→ Stored data
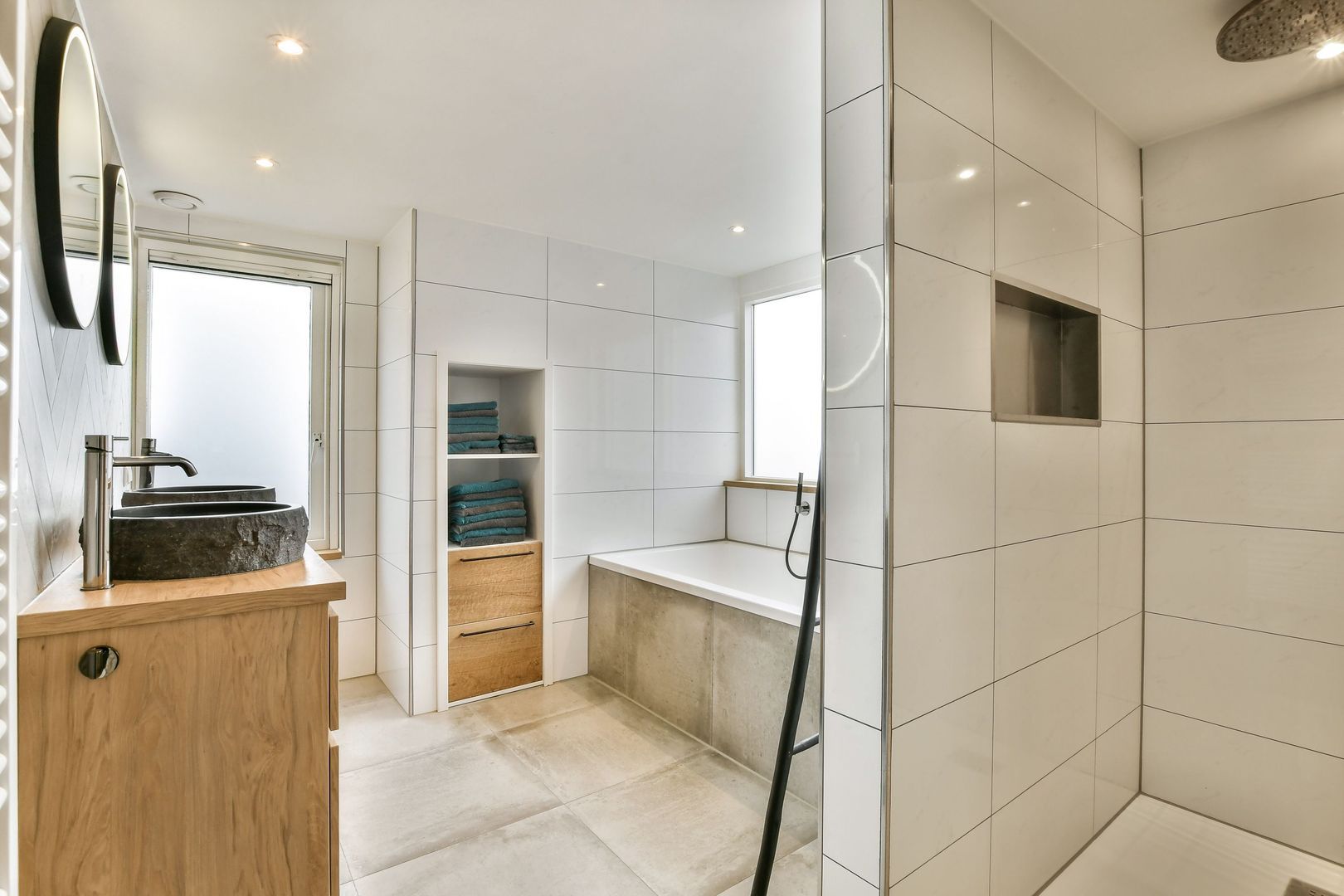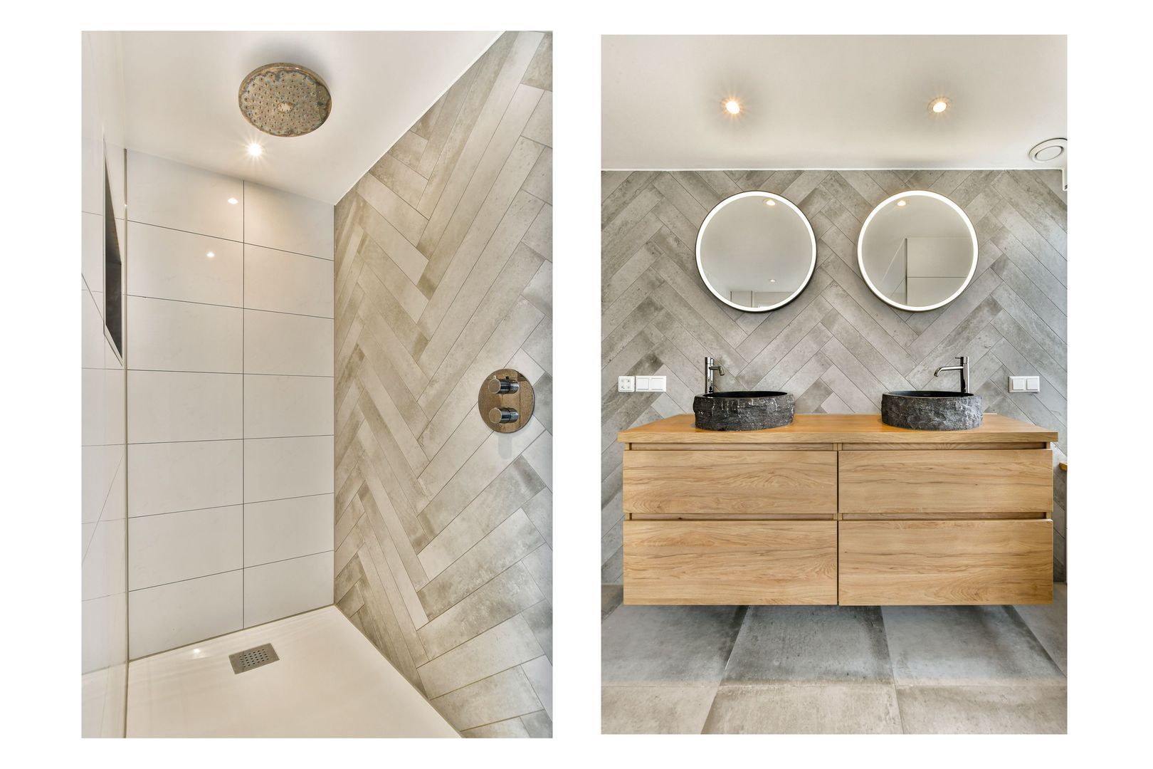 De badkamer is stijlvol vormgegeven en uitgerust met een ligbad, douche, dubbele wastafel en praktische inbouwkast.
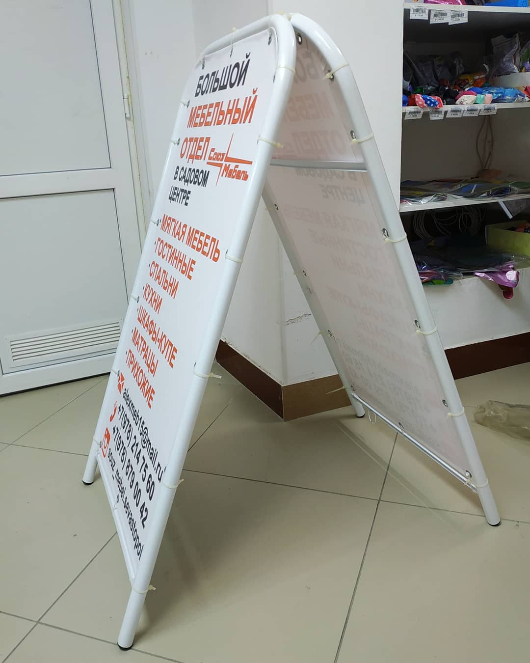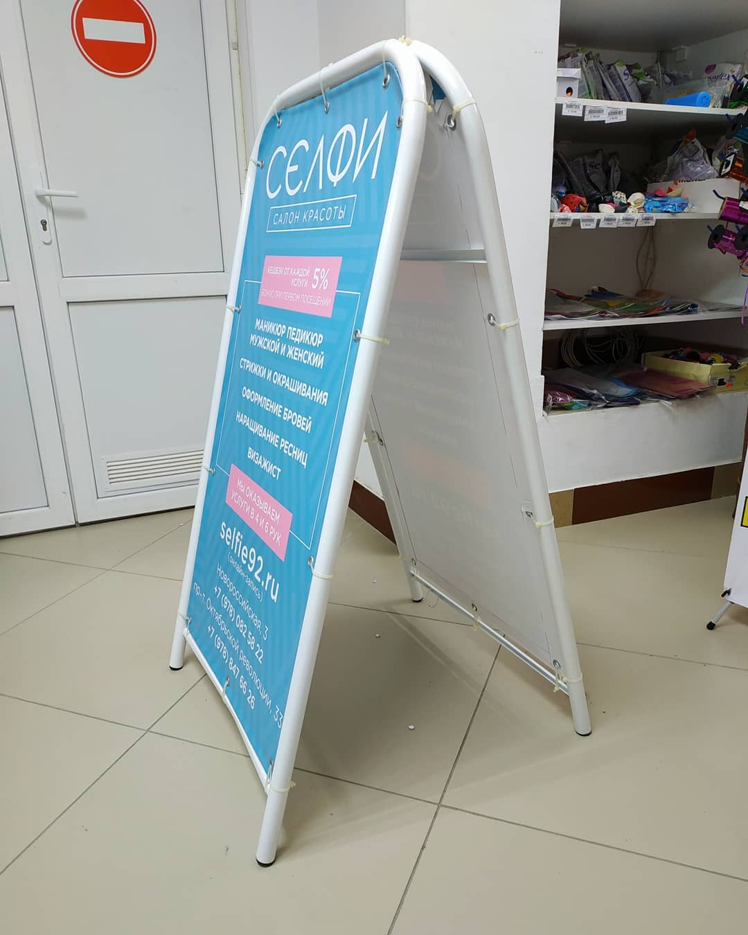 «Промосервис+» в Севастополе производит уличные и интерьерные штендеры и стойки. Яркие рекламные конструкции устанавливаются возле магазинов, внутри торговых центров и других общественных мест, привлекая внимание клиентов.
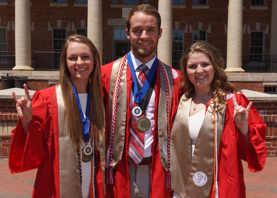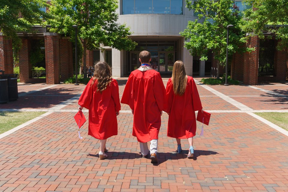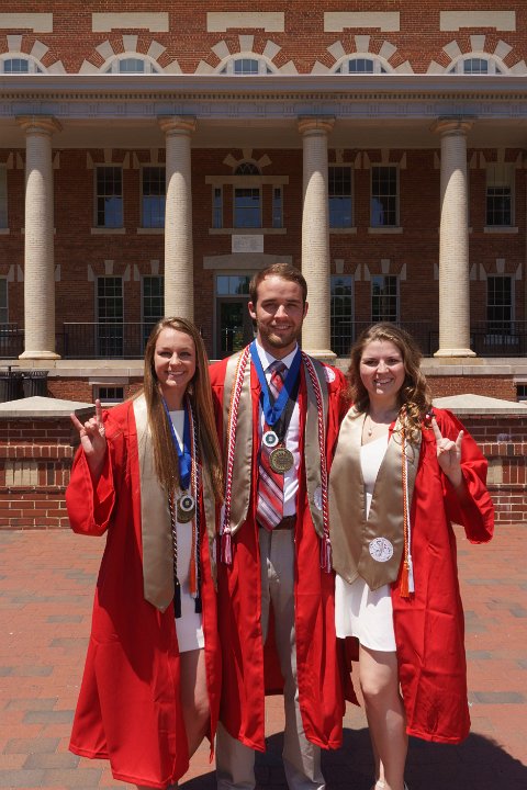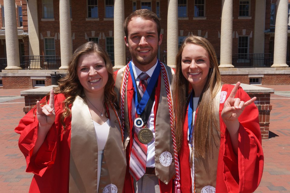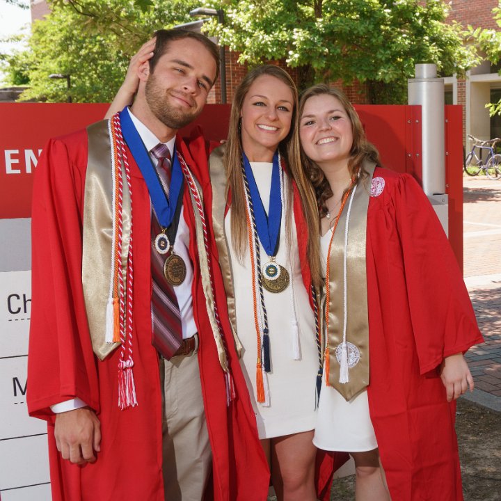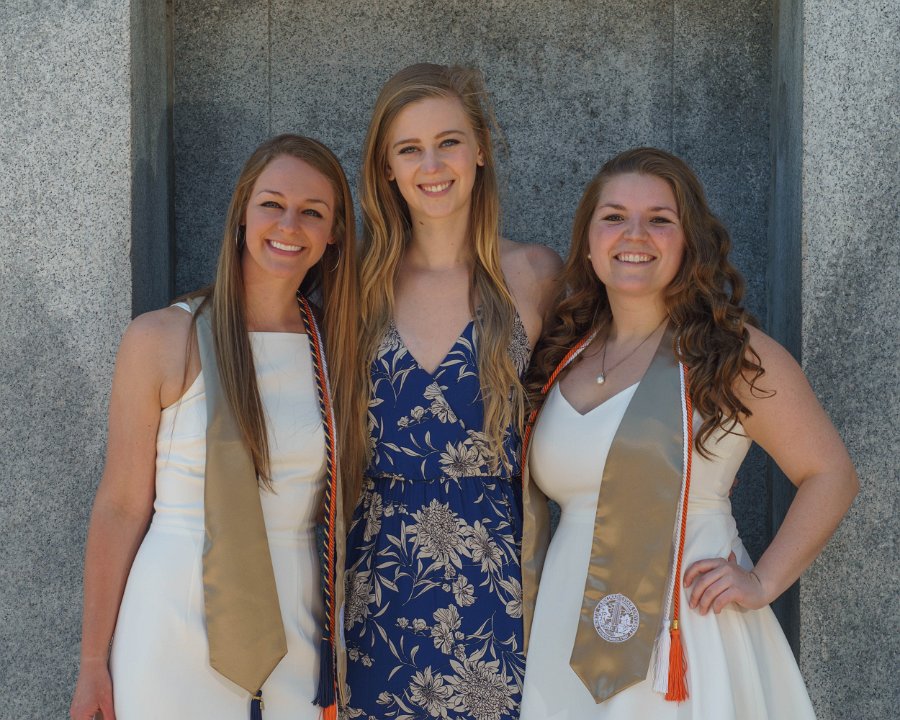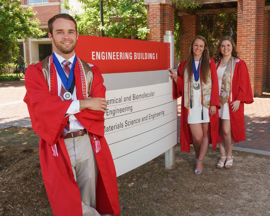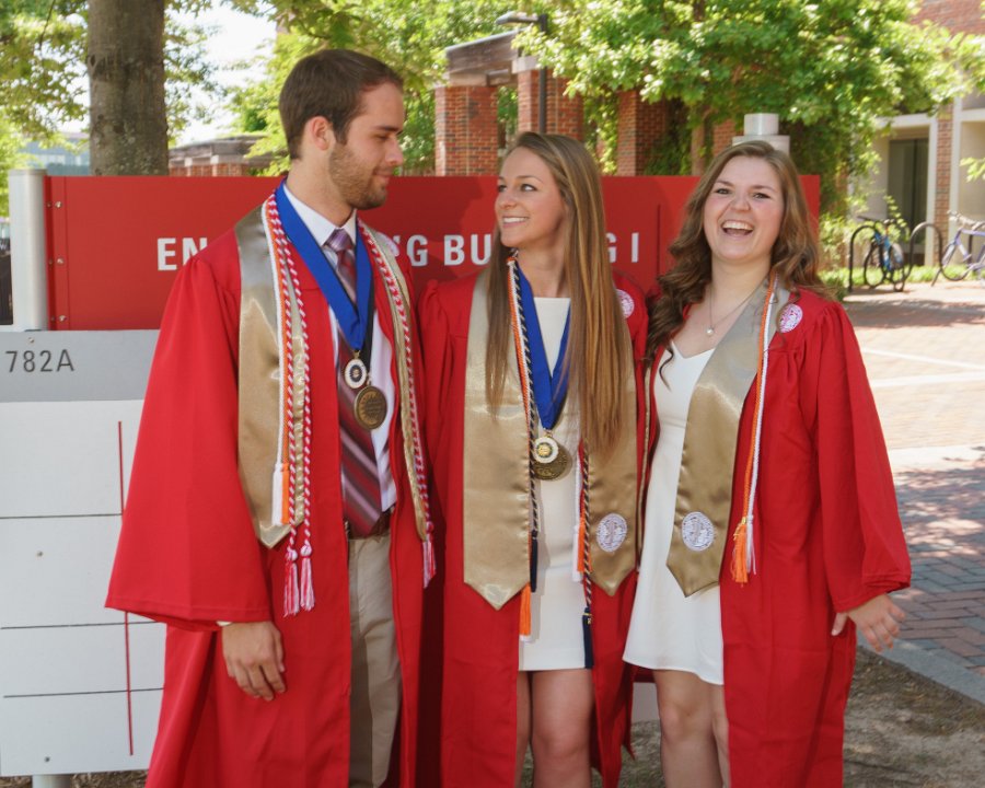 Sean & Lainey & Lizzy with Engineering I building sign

→ Work instructions
When you return the listing, keep it exact and omit any pictures it holds.

→ Exercise response
 De badkamer is stijlvol vormgegeven en uitgerust met een ligbad, douche, dubbele wastafel en praktische inbouwkast.
 «Промосервис+» в Севастополе производит уличные и интерьерные штендеры и стойки. Яркие рекламные конструкции устанавливаются возле магазинов, внутри торговых центров и других общественных мест, привлекая внимание клиентов.
 Sean & Lainey & Lizzy with Engineering I building sign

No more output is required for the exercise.